Ню Айсян стала увещевать Цао Цинъэ:
— Мама, посмотри, до чего ты себя довела, перестань уже о нас беспокоиться.
Ню Айхэ, посмотрев на Ню Айго, категорично заявил:
— Ни маму, ни тебя мы слушать не будем.
Цао Цинъэ в ответ на это снова заволновалась и покраснела от напряжения. Ню Айго не мог взять и запросто объяснить Ню Айцзяну, Ню Айсян и Ню Айхэ, почему следовало принять именно такое решение. Не то чтобы такому решению вообще не было объяснения, просто доводы Ню Айго были столь запутаны, что их толкование никак не умещалось в несколько фраз.

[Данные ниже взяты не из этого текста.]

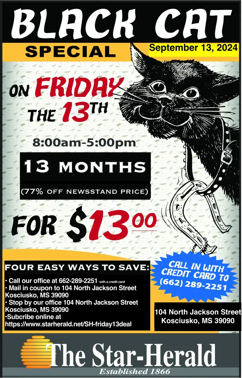 To seize this special offer, interested parties can sign up at https://www.starherald.net/SH-friday13sale or visit the newspaper office at 104 North Jackson Street between 8 a.m. and 5 p.m. on Sept. 13. Alternatively, payments via credit card or debit card can be made by calling 662-289-2251.
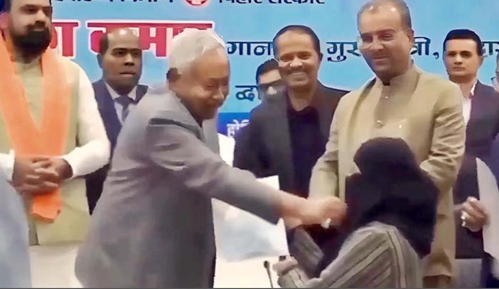 পাটনায় একটি সরকারি অনুষ্ঠানে বিহারের মুখ্যমন্ত্রী নীতীশ কুমারের কার্যকলাপে তোলপাড় গোটা দেশ।গত ১৫ ডিসেম্বর বিহারের মুখ্যমন্ত্রী নীতীশ কুমার আয়ুষ বিভাগে নতুন চিকিৎসকদের নিয়োগপত্র দিচ্ছিলেন। সেই সময় টিব্বি কলেজের স্নাতক তরুণী চিকিৎসক ডা. নুসরাত পারভিন হিজাব পরে মঞ্চে ওঠেন। অভিযোগ, মুখ্যমন্ত্রী তাঁকে কী পরেছেন জানতে চেয়ে প্রকাশ্যে তাঁর হিজাব ধরে টান মারেন। এই ঘটনায় অস্বস্তিতে পড়েন নুসরাত। ঘটনার প্রতিবাদে তিনি বিহার সরকারের চাকরি গ্রহণ করতে অস্বীকার করেন। এই ঘটনার ভিডিও দ্রুত সামাজিক মাধ্যমে ছড়িয়ে পড়ে। শুরু হয় তীব্র সমালোচনা। বিরোধী দলগুলির পাশাপাশি ঝাড়খণ্ডের শাসক দল জেএমএমও ঘটনার নিন্দা করে। এরপর ঝাড়খণ্ডের স্বাস্থ্যমন্ত্রী ইরফান আনসারি ডা. নুসরাতকে চাকরির প্রস্তাব দেন। তিনি মাসিক তিন লক্ষ টাকা বেতনের প্রস্তাব দেন বলে জানা গেছে। যদিও ঝাড়খণ্ড সরকারের পক্ষ থেকে এখনও আনুষ্ঠানিকভাবে চাকরির বিষয়ে চূড়ান্ত সিদ্ধান্ত জানানো হয়নি। ঘটনাটি নিয়ে রাজনৈতিক মহলে বিতর্ক এখনও তুঙ্গে।

Как он мог растолковать, что мать испытывает к ним не только любовь, но и разочарование? Еще сложнее было объяснить желание, чтобы из уст Байхуэй прозвучала именно эта история. Когда Цао Цинъэ могла говорить, она рассказывала свои истории не им, а Ню Айго. А потом вместо Ню Айго она стала рассказывать их Байхуэй. Видимо, общение с остальными ей вообще казалось пустым, а может, она и вовсе не хотела с ними общаться. Ню Айго в этот момент чувствовал по отношению к ним то же самое, поэтому взял и просто заявил:
— Мама больше не может разговаривать, на этот раз мы должны ее послушаться. — Выдержав паузу, он добавил: — Если что, я все беру под свою ответственность… И если в худшем случае она умрет, можете считать, что ее убил я.
Этим заявлением он тут же прижучил и Ню Айцзяна, и Ню Айсян, и Ню Айхэ вместе взятых. Во второй половине дня с Цао Цинъэ сняли все трубки, и семья отвезла ее из уездной больницы в деревню Нюцзячжуан. Возвратившись домой, Цао Цинъэ сначала даже приободрилась, но потом снова впала в забытье. В себя она пришла только на рассвете следующего дня. Теперь у нее отказала не только речь, но и двигательная система. Ню Айго понимал, что Цао Цинъэ чувствовала свою кончину и поэтому хотела умереть дома. Придя в сознание, Цао Цинъэ стала бросать вокруг себя ищущие взгляды. Ню Айго сообразил, что она не только хотела умереть дома, но еще и что-то найти перед смертью. Решив, что она хочет всех увидеть, Ню Айго срочно разбудил и созвал в комнату Ню Айцзяна, Ню Айсян, Ню Айхэ и остальных. Вокруг кровати Цао Цинъэ от мала до велика собралось больше десять человек ее детей и внуков.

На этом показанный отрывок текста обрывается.